Outro ponto destacado pelo jurista é que o magistrado não somente bloqueou o X, mas também a “oferta de empresas ou aplicativos de VPN, que são regulares e atuam licitamente no mercado, e mesmo sem ser parte em processo ou investigação, foram banidas do Brasil”.
Ainda na noite da sexta-feira (30), Moraes expediu nova ordem, sustando a suspensão da oferta de VPN por lojas de aplicativos móveis, como a AppleStore e a GooglePlay, até que o X se manifesta a respeito do bloqueio de suas atividades no país, com prazo de cinco dias.
Ato de Moraes seria comparável a instrumento de censura do regime militar
A suspensão temporária da ordem de Moraes, no entanto, não susta outro ponto mais que controverso de sua decisão: aplicação de multa de R$ 50 mil para quem utilizar VPN para acessar o X. Adriano afirma que, deste modo, qualquer brasileiro que usar VPN “passar a estar sob ameaça de multa diária, sem que exista lei, sem que exista processo e sem que haja qualquer ilicitude na conduta”.
O jurista e especialista em liberdade de expressão, André Marsiglia, também afirma que a ordem é ilegal, pois uma punição jamais pode alcançar terceiros que não sejam parte de um processo. "Não se pune ninguém sem que tenha sobre si um processo. É um princípio básico de legalidade", afirma.

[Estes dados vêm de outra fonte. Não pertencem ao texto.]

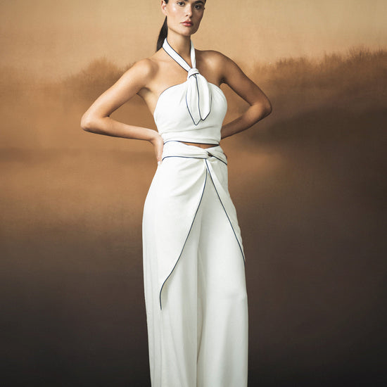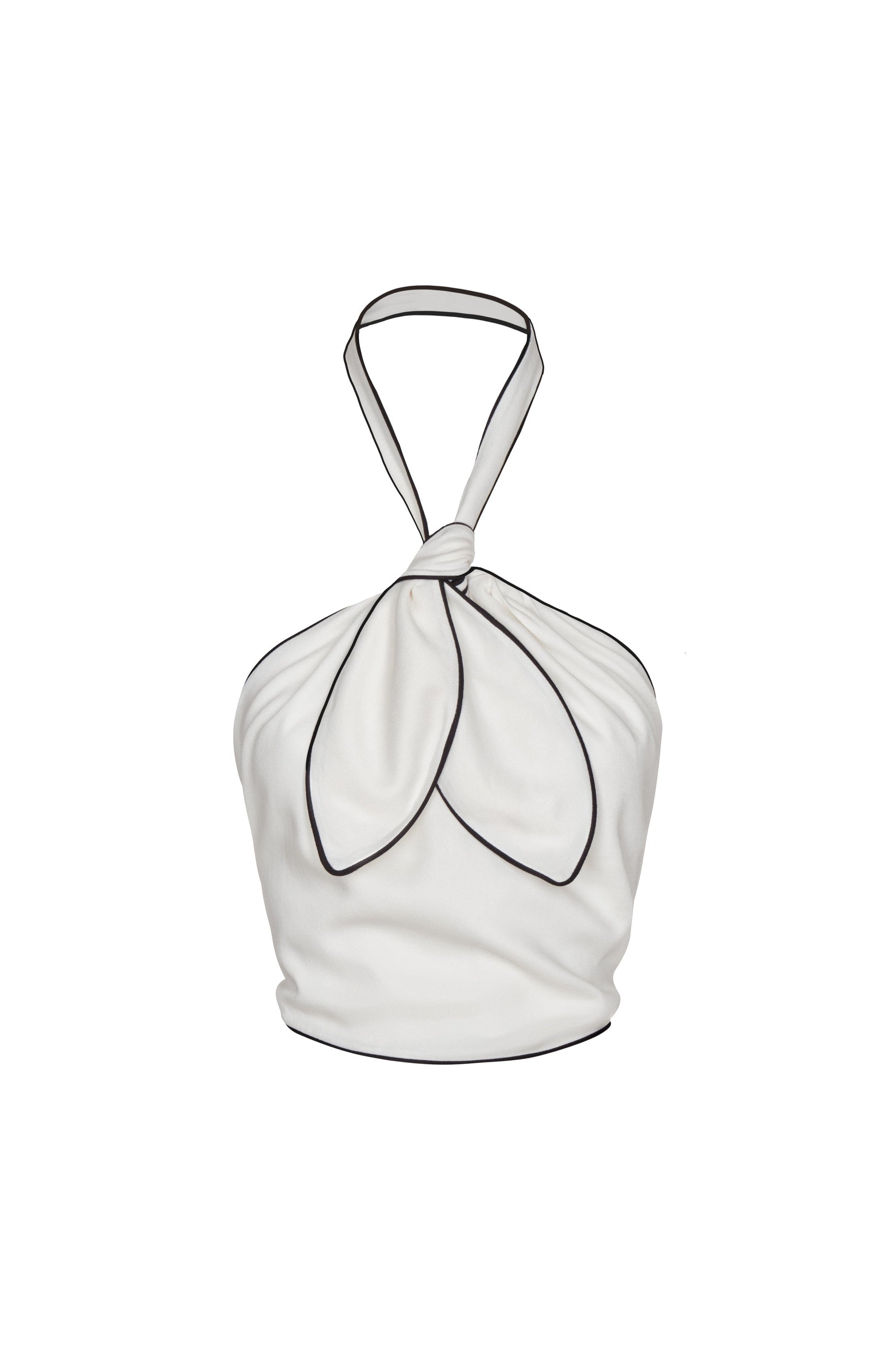 "Encanto Eterno" is a Off- White top made of rayon. Its distinctive neckline adds elegance and elevates any look.

Outro ponto é a aplicação prática da decisão, que seria inviável. "O STF vai abrir um setor para vigiar se 22 milhões de usuários cumprem a decisão? Seria um absurdo que transformaria a Corte em polícia de internet", questionou. Diante da inviabilidade de "policiar" todos os usuários da rede, Marsiglia afirma que o STF teria que escolher perfis específicos para vigiar, configurando "uma conduta política, não jurídica e, por isso mesmo, também ilegal".
Adriano Soares afirma que nunca na história da República brasileira, “uma decisão judicial, em procedimento sem processo, em procedimento investigatório sigiloso, teve tamanha profundidade, extensão e desprezo aos mais mínimos postulados do Estado Democrático de Direito”.